Your browser might not be displaying this website correctly. Please update Internet Explorer or try a different browser. We recommend Firefox.
While many people commonly associate patents, copyright and trade-marks with intellectual property, confidential business information (CBI) can sometimes be overlooked, says Toronto lawyer John Simpson of Shift Law.
“Every company, big or small, established or start-up, has CBI. It can be one of the company’s most valuable assets. But if it isn’t identified and adequately protected, its value will depreciate quickly or, worse, it will simply walk out the door,” he cautions.
CBI doesn’t just include secret recipes or algorithms, says Simpson, but also internal business processes, marketing strategies as well as supplier and customer lists that a company and its employees have acquired over time, through considerable effort and trial and error.
Generally, he explains, information can be CBI if:
(a) it isn’t generally known outside of the company;
(b) time and effort would be needed to find it elsewhere; and
(c) it has commercial value.
Information also doesn’t have to be “secret” to be considered CBI, adds Simpson, and can consist almost entirely of non-confidential elements as long as the whole package, such as a marketing plan, is not generally known and can’t otherwise be found in one place.
The very nature of CBI makes it hard to protect, says Simpson, as it is easily shared, extremely portable and impossible to take back once it’s out of a company’s control. Also, he adds, unlike patents, copyright and trade-marks, there is no specific legislation in Canada for protecting CBI.

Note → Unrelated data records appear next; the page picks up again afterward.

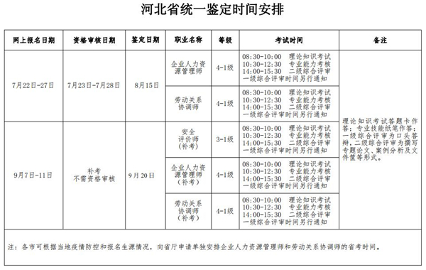 据了解,2020年河北人力资源管理师考试时间分别为8月15日和9月20日,其中9月20日为补考鉴定时间。
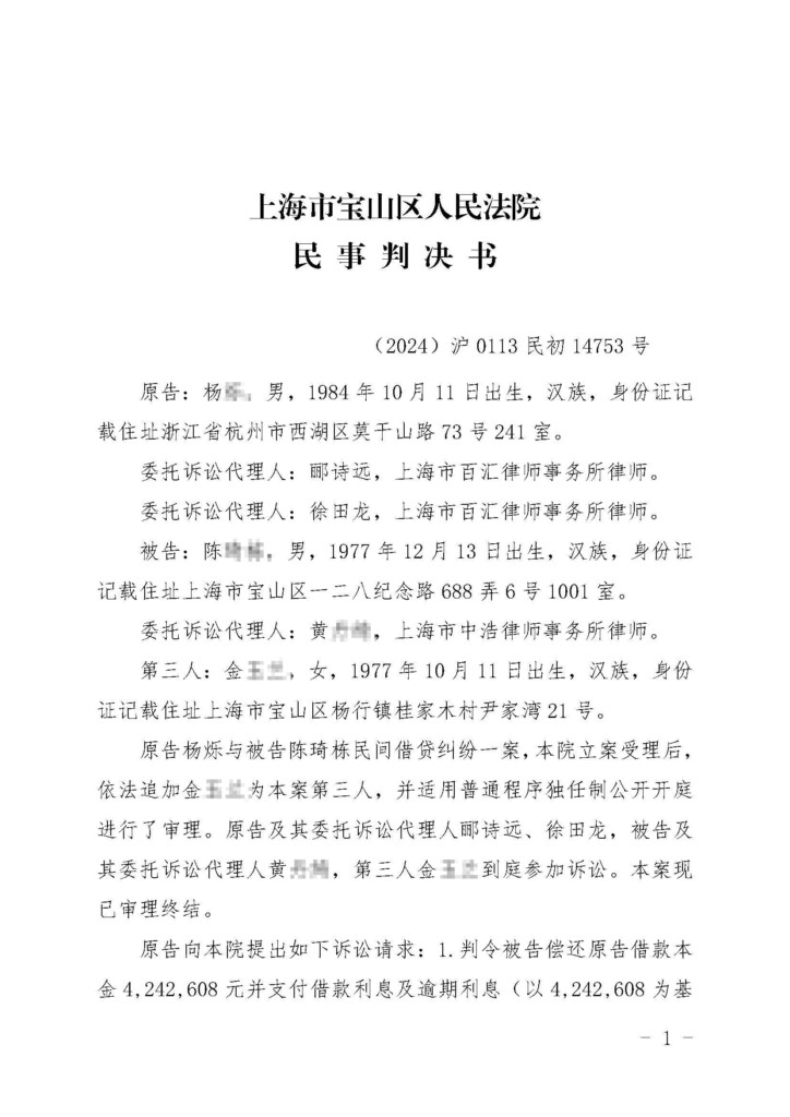 (2024)沪0113民初14753号-杨烁与陈琦栋民间借贷纠纷民事判决书_00
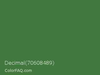 Decimal 70608489 Color is a normal green color and the nearest color is Fern Green #4f7942. Hex code #427a3d and RGB value is rgb(66,122,61). In RGB color space, this color is composed of 26% red, 48% green, 24% blue, In CMYK color space, this color is composed of 46% cyan, 0% magenta, 50% yellow , 52% black , In HSL color space, this color has a hue angle of 115° , 33% saturation and 36% lightness.
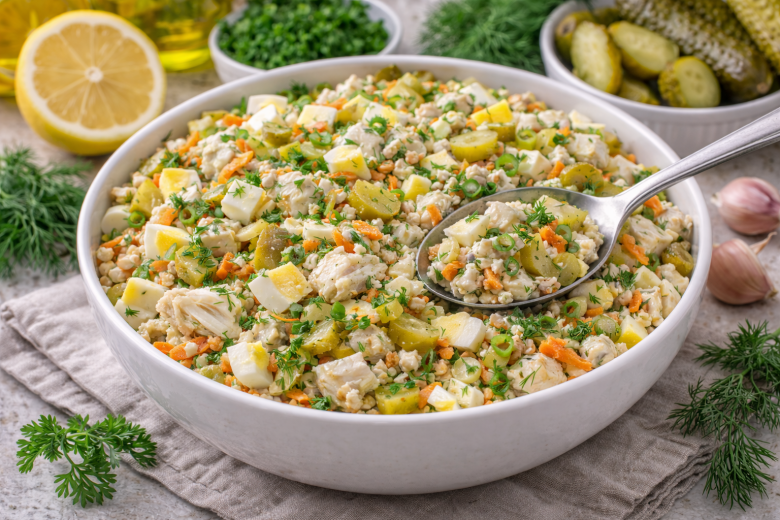 Делаю этот салат уже несколько дней подряд — и он не надоедает. Нежный, сочный, с лёгкой кислинкой и чесночным ароматом — оторваться просто невозможно. В следующий раз точно буду готовить сразу большую миску. Этот салат-закуска получается очень удачным: рыба — мягкая, овощи — ароматные, заправка — идеально сбалансированная. Подойдёт для будней, праздников и неожиданных гостей.
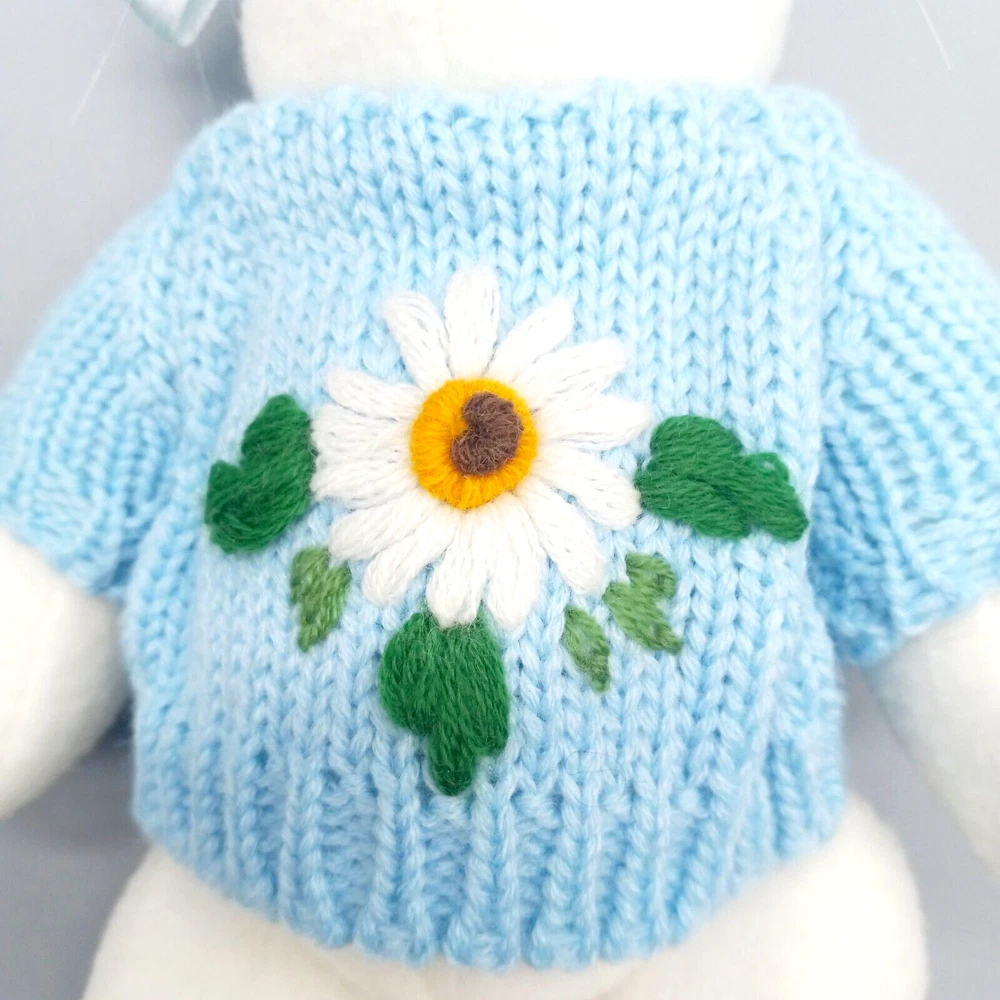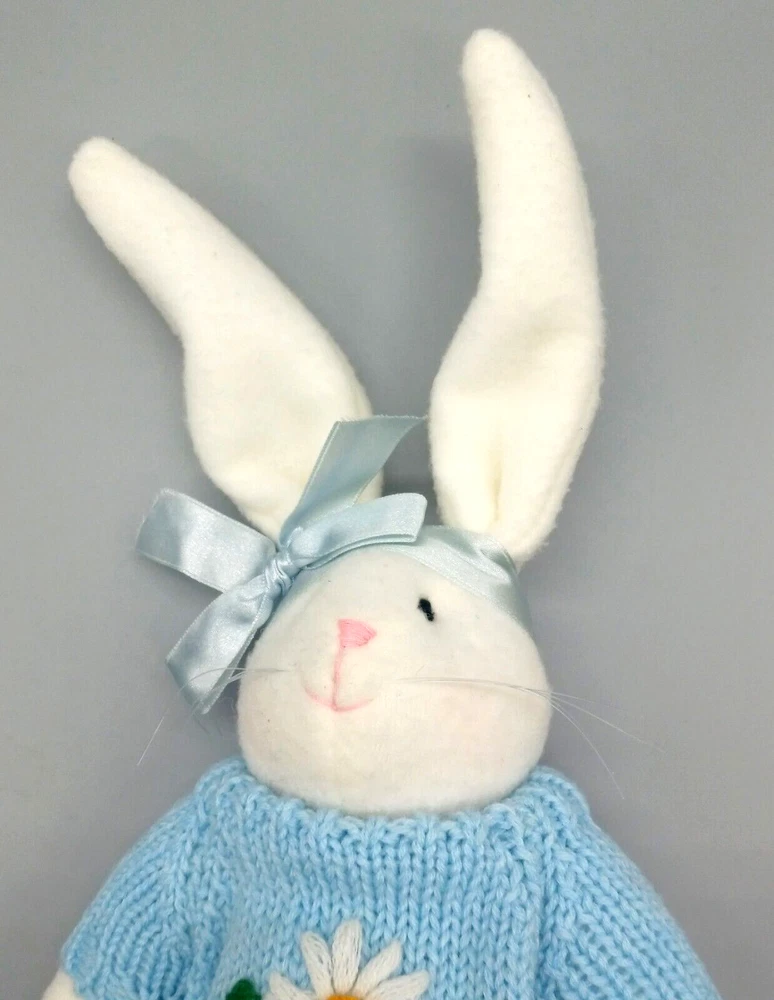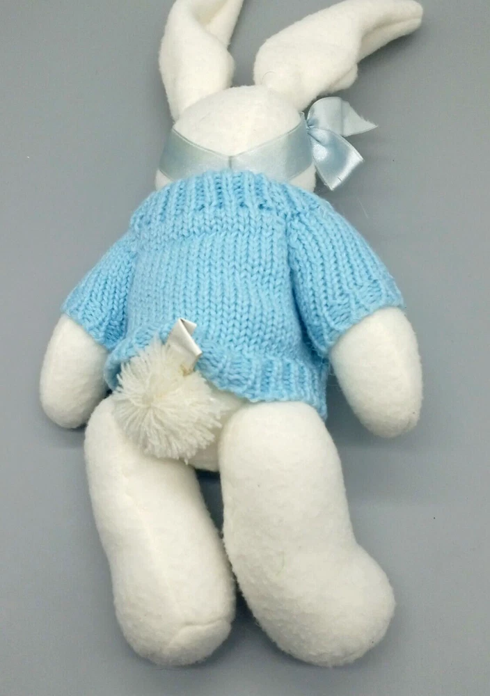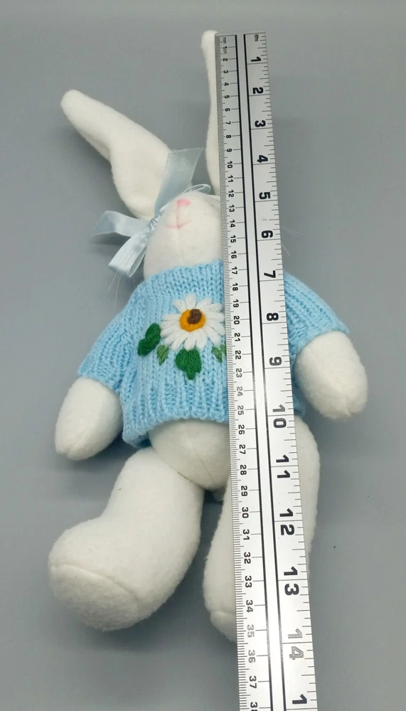 This adorable Terry's Village plush rabbit is perfect for Easter with its blue sweater and floppy ears. Made in China this small (6-14 in) stuffed animal is not a toy but a wonderful addition to any collection. The rabbit is white in color and belongs to the character family of Bunny, Rabbit, and Hare. It is recommended for ages 4 and up. This stuffed animal is perfect for any occasion and is sure to be a hit with anyone who loves rabbits or stuffed animals.

Identifying and protecting CBI is especially important for entrepreneurs and emerging companies, says Simpson, as so often it is the knowledge and ideas that are “under the hood” of these businesses that can ultimately make them successful. Knowledge and ideas are also difficult if not impossible to protect through patents, copyright or trade-marks.
Therefore, he says, maintaining confidentiality with other companies, employees, independent contractors or consultants may be the only way to prevent others from reaping the benefits of the time, hard work and innovation that went into acquiring it.
The law will only protect a discloser’s rights in confidential information to the extent that a recipient was made aware of its confidentiality, says Simpson. Ultimately, he says, once information has been identified and designated as confidential, all who come into contact with it should be made aware of its confidentiality and become obligated not to disclose it. This includes employees, independent contractors or consultants and other companies with whom a business is engaged in a commercial relationship or negotiation.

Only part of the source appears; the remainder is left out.